Political Consumption: Post-Truths, Marketing, and Popular Culture
In 2016, the Oxford English Dictionary chose post-truth as the Word of the Year.
“Post-truth: relating to or denoting circumstances in which objective facts are less influential in shaping public opinion than appeals to emotion and personal belief.”
While 2016 heralded modern dialogue on post-truth politics and rhetoric, the birth of post-truth political culture dates to 1917, when former President Woodrow Wilson led the U.S. into its first World War.
In 1916, Wilson’s campaign of “neutrality” in the burgeoning war in Europe prompted his re-election as president. Mere months later, on April 2nd, 1917, Wilson recanted his campaign and stood before Congress asking them to declare war on Germany. To rally Americans behind the war effort, the Wilson administration launched a massive propaganda seeking to manufacture popular support towards America’s war efforts. The campaign, led by the Committee on Public Information (CPI), used newspapers, the radio, and posters to strike fervour for America’s involvement in the war. This included the recruitment of “Four-Minute Men” who were trained to give speeches around the nation speaking in favour of U.S. involvement in World War I. Central to these speeches was the use of emotions, symbols, and political buzzwords which resonated with listeners. For instance, rhetoric like “liberty” and “democracy” that was used to describe the U.S. contrasted words like “autocracy” and “treachery” that was used to portray Germany. Most interestingly, historian David Kennedy notes the speeches given by the Four-Minute Men would become reminiscent of the “Two Minutes of Hate” in George Orwell's novel 1984.
Consequently, the success of the CPI’s propaganda campaign inspired the U.S. government to leverage politically motivated mass marketing campaigns for decades to come. Following the events of September 11, 2001, the U.S. sought to promote the idea of large-scale global war to the American public. Despite the fact the perpetrator of the 9/11 attacks was situated in Afghanistan, former president George W. Bush used the terror attack as an opportunity to market Iraq as a threat to the American people and the values of freedom and liberty America stands for. The presumption of Iraq as threatening was based on a purported link between al-Qaeda and Saddam Hussein's government. Thus, it was this assumption that framed the Iraq War as part of the broader “War on Terrorism”. The success of Bush’s campaign for the war lay not in providing the American people with a fact-based argument, but rather by generating fear within the American public through the use of a single buzzword: “Weapons of Mass Destruction”. With these repeated speech acts, Bush’s government presented the American public with an existential threat. Seeking to gain popular approval in the face of criticism, the White House formed the White House Iraq Group (WHIG) and convened a group of experts to market war in Iraq. An example of a marketing tactic included an aggressive public relations campaign that predominantly relied on “Weapons of Mass Destruction” to generate emotive responses. While appearing on CNN, National Security Advisor Condoleezza Rice mentioned “Weapons of Mass Destruction” 13 times. In a similar fashion, Bush mentioned “Weapons of Mass Destruction” eight times within the first half hour of his Ohio speech.

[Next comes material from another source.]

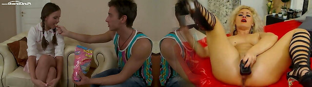 Horny grandpa and perverted daddy fuck an innocent teen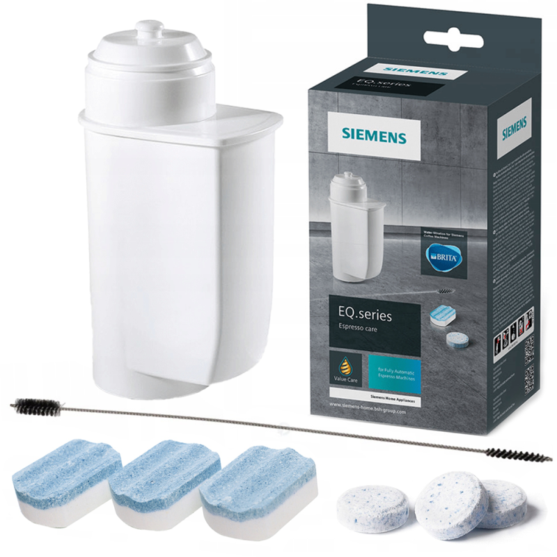 Kompletny zestaw firmy Siemens obejmuje kluczowe akcesoria do utrzymania w czystości i konserwacji ekspresu do kawy. W skład zestawu wchodzą filtr wody Brita Intenza, tabletki do czyszczenia, tabletki do usuwania kamienia oraz szczotka do czyszczenia przewodu mleka. Zestaw jest przeznaczony do wykorzystania w pełni automatycznych ekspresach do kawy marki Siemens i Bosch.

Unlike the “Four-Minute Men” who were recruited and trained to market war to the public at large, modern advancements allow marketing to proliferate outside of government intervention. The most notable way marketing occurs is through popular culture, particularly from Hollywood. For example, the American-based television series 24, which premiered just two months after the events of 9/11, featured a different weapon of mass destruction in each season. In addition, pop culture’s successful marketing of the phrase “Weapons of Mass Destruction” resulted in the term being awarded ‘word of the year’ in 2002 by the American Dialect’s Society—just one year prior to the U.S. invasion of Iraq.

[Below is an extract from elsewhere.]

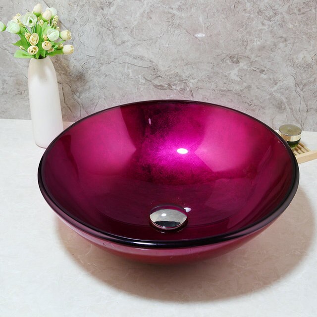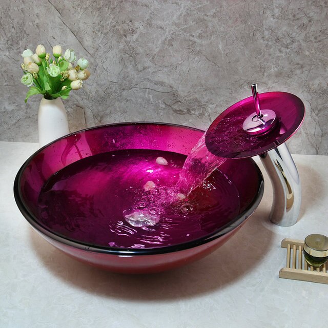 Rose Red Unique Tempered Glass Basin Sink Washbasin Faucet Set

These two examples of the employment of post-truth rhetoric and mass marketing demonstrate how these tactics were used to consolidate public opinion and legitimise war. Post-truth rhetoric in political practices was not conceptualised in the Trump presidential era, but rather is a historical tool of political power. Simply put, actors will continuously rely on post-truth politics during politically turbulent times. The challenge, then, becomes the critical evaluation of mass political marketing. Upon examination, many of the emotive terms and phrases evoked by Western nations are proven to be empty signifiers. Who is the “axis of evil?” What are “weapons of mass destruction,” and when are they qualified? Who is the “War on Terror” even against? More importantly, who has the power and authority to answer these questions? To answer these questions, it is vital to examine the intersection of political marketing and popular culture. Television and film, and more recently social media platforms such as Twitter, have scaled the original marketing conducted by Wilson and the “Four-Minute Men”. Therefore, it is essential that we ask ourselves what we are consenting to when we buy into these Hollywood narratives of terrorism and counter-terrorism.
Image courtesy of Fabrice Florin via Wikimedia Commons, ©2017, some rights reserved.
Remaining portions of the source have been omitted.